Sheenkai Alam Stanikzai

2nd runner up of the 2009 Freedom to Create Main Prize

Despite a rich cultural history stretching back thousands of years, Afghanistan was recently described as having a culture of nothingness. After the Soviet invasion in 1979, art and music were hijacked for propaganda. More recently, the brutal suppression of culture under the Taliban meant that art and culture were systematically destroyed, while music was banned. The world watched horrified as the Bamiyan Buddhas were demolished. The Taliban were also vicious in their treatment of women. They wanted to create secure environments where the chasteness and dignity of women may once again be sacrosanct.

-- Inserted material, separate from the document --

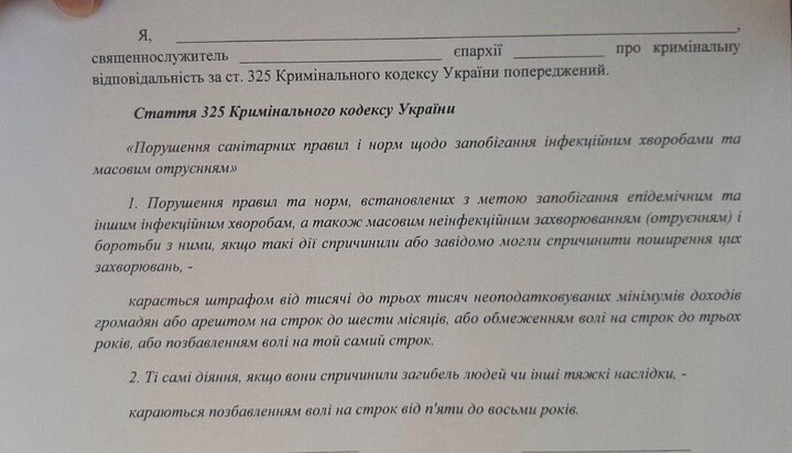 At the end of the warning of criminal liability, clergymen must sign that they understand the essence of this article of the Criminal Code.

In reality, this resulted in public floggings and executions for violations of strict religious laws as well as forced marriages.

It was a decade ago that culture was obliterated in her country, and Sheenkai Alam Stanikzai is one of a generation of Afghans who grew up during the conflict without the release or benefit of art and music. After the fall of the Taliban, Sheenkai, who has grown up never listening to music or seeing a live play, is bravely attempting to reintroduce her country and people to the arts and their culture. Sheenkai's work explores the re-emergence of the Afghan spirit after years of oppression.

She explores the re-emergence of the Afghan spirit, after years of oppression, in her art. That she is female brings further poignancy to her work in the light of the brutality of the Taliban towards womens rights. Her installation piece, Chel Dokhtaraan, or The 40 Girls, symbolises the violent acts being perpetrated against females in Afghanistan and in neighbouring countries.

The title refers to an historical event when 40 Afghan women committed suicide by jumping into wells during an invasion. Many legends and accounts exist about Chel Dokhtaraan dating back to pre-Islamic times, but all focus on the honourable decision the women took in sacrificing their own lives. That was in the past, says Sheenkai. What is happening today is that women, more than 40, are dying every day in very different circumstances. Her work symbolises the violent acts - public executions, stonings, floggings and hangings - that are being perpetrated against females both in Afghanistan and neighbouring countries, in modern times.

Sheenkai's installation includes a model of a well, with miniature images on its mouth. Miniature painting has flourished when artists have been forbidden from drawing the human form. The use of miniatures here signifies constraints on freedom. The installation also includes a pato- part of traditional male dress, representing the male domination of Afghan society - and 41 calendars.

Each calendar carries the photograph and story of a girl, and the date of her violent death. On the first calendar in the series the most recent date is incomplete, and reads: 13.. (of the solar calendar). This represents the continuing theme of Chel Dokhtaraan, and the appalling question of who will be the next woman to die. The film that accompanies the piece shows a moving line of black ink accompanied by the sounds of water, fire and the wheel of a well. The audience becomes aware of an unknown hand, writing down the names of the 40 girls, and so determining their destiny. Finally, it is time for the next name to be written...

Sheenkai says that not only is it difficult to be taken seriously in Afghanistan as an artist - her own family thought it was just a hobby until her work started winning competitions - but the fact she is a woman has also increased the risk of expressing herself. It is very difficult, she says. I am an Afghan woman and it is hard to go out. But I always research every detail of my work and have to do this.

The issue that Sheenkai addresses is not surprisingly contentious in Afghanistan and she takes great personal risk by highlighting it within her country. She is sensitive to the feelings of the families of the victims too. For that reason, and out of respect for the women themselves, I deliberately blur the photographs, she says. Sheenkai is also working with other women artists to exhibit their work and help fill the void of nothingness in her community with art.